Taxing the opioid makers and distributors that are largely responsible for this crisis is the right thing to do, and could yield up to $100 million annually for anti-drug programs. However, because budget language stipulates this money is “intended” for drug treatment programs, there’s no guarantee opioid tax revenues will actually be used to help those struggling with addiction and opioid abuse. Instead, the revenues go into the state’s general fund, which legislators will haggle over how to spend at a later date. The likely result is allocation of only a portion of the $100 million to anti-drug programs through the state Office of Alcoholism and Substance Abuse (OASAS).
With neither Governor Cuomo nor state legislators able to do anything about this now, we are stuck in the frustrating position of having no assurance the revenue being generated specifically for drug services will ultimately reach the people most in need. This is especially disturbing when considering that more than 4,100 New York State residents died from drug overdose in 2017, up from 3,638 in 2016. The Rosenthal Center urges the political leadership in Albany to close this loophole in the budget’s language to ensure opioid tax revenue is eventually allocated solely to drug treatment.

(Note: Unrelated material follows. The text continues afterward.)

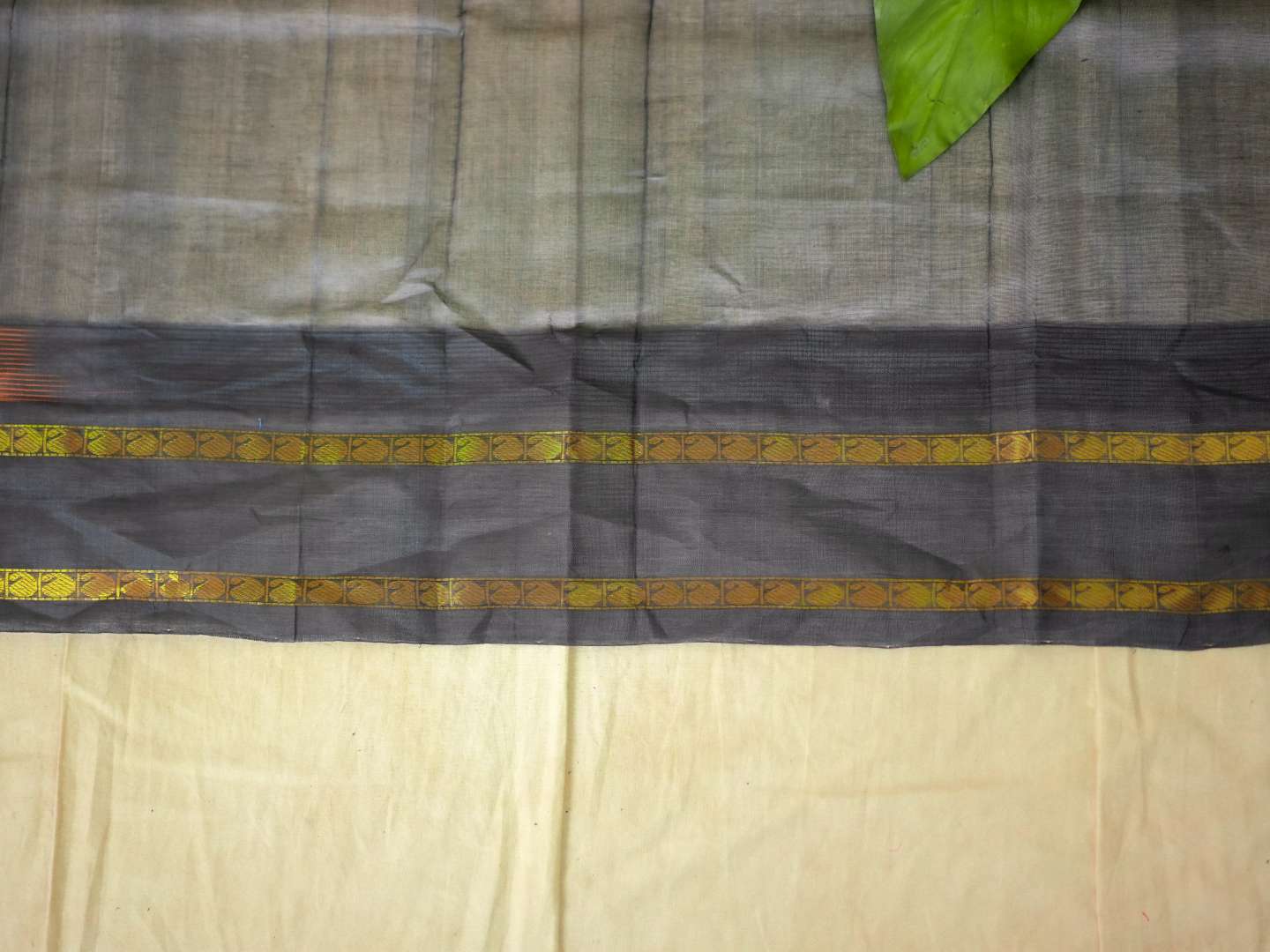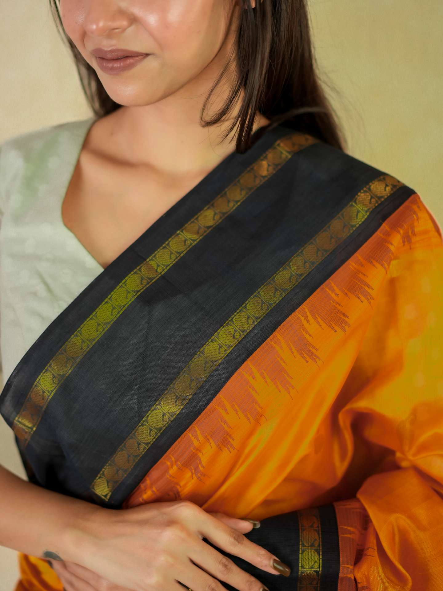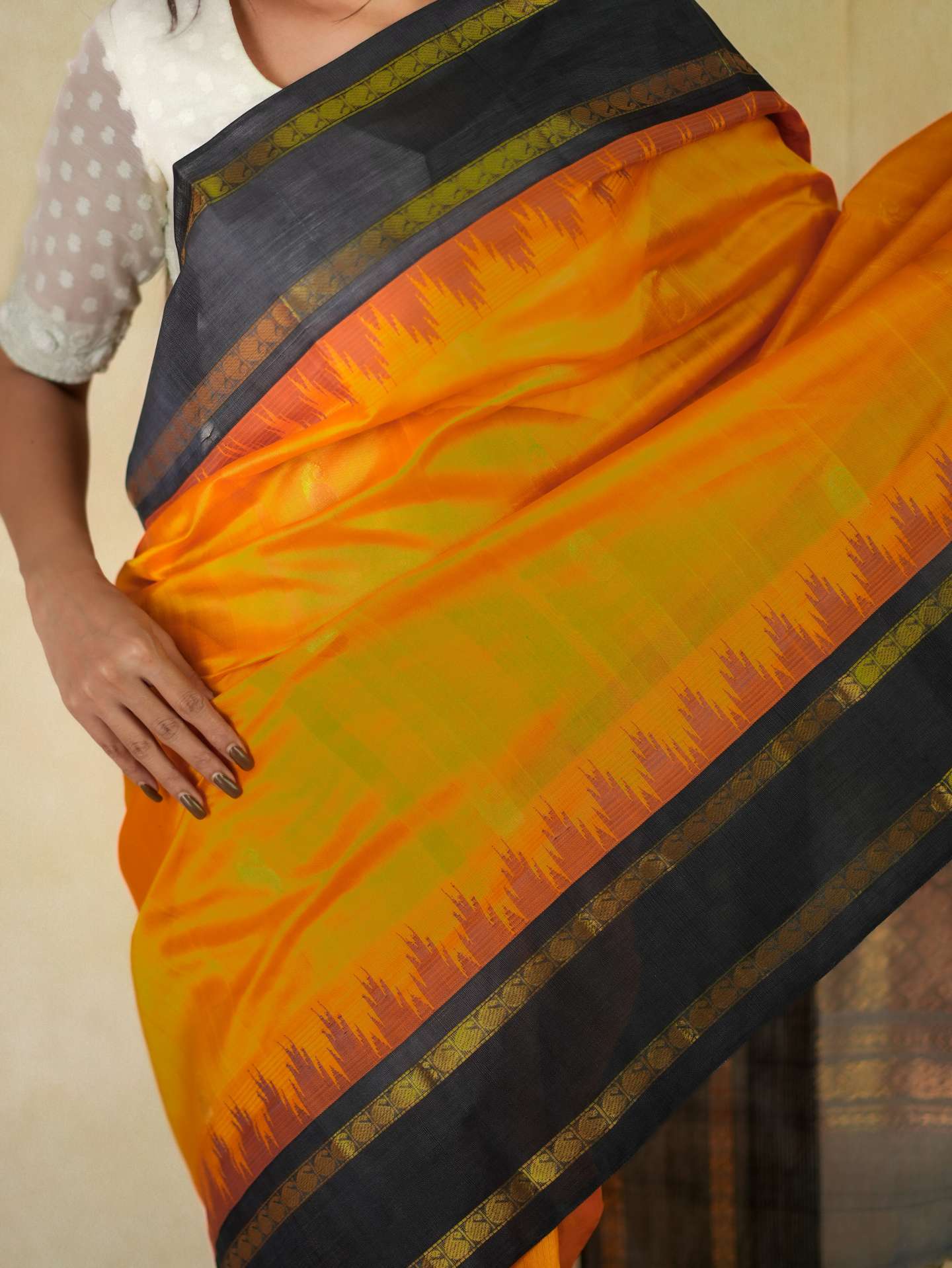 Introducing our striking orange and black Kanchipuram sico saree adorned with delicate golden buttas across the body, highlighted by rich golden zari work. The saree features an elegant black border with golden zari detailing, while the pallu is beautifully embellished with traditional golden zari motifs, enhancing its regal charm.

The second budget measure – a $2,000 employer tax credit for each new or existing employee in a state-certified recovery program - is a winner. For substance abusers, the promise of a real job is a powerful incentive and an attainable goal to strive for while getting off drugs. The tax credit is particularly important for smaller firms, including many in upstate regions hit hard by the opioid crisis that have trouble finding drug-free workers. Backed by an initial $2 million in state funding, this initiative will certainly gain a foothold across New York – as it is a win-win for companies, communities and individuals who are determined to rebuild their lives and stay clean.
This program is similar to a successful one I helped design for Belden, an international manufacturing company. Known as Pathways to Employment, it was also structured around such addiction-care best practices as early detection and evaluation, free treatment, social support and incentives – including a job that can lead to stability.
At this early stage, New York’s tax reforms might seem like just a footnote to bigger efforts underway to fight the opioid epidemic and reduce overdose fatalities. But if adopted on a wider scale, including by the federal government, the results would likely have an extraordinary impact. Although these taxes alone won’t end the opioid epidemic, they will help plug gaps in funding due to insufficient federal allocations, expand treatment options and enable more people to enter treatment as part of a comprehensive anti-drug strategy.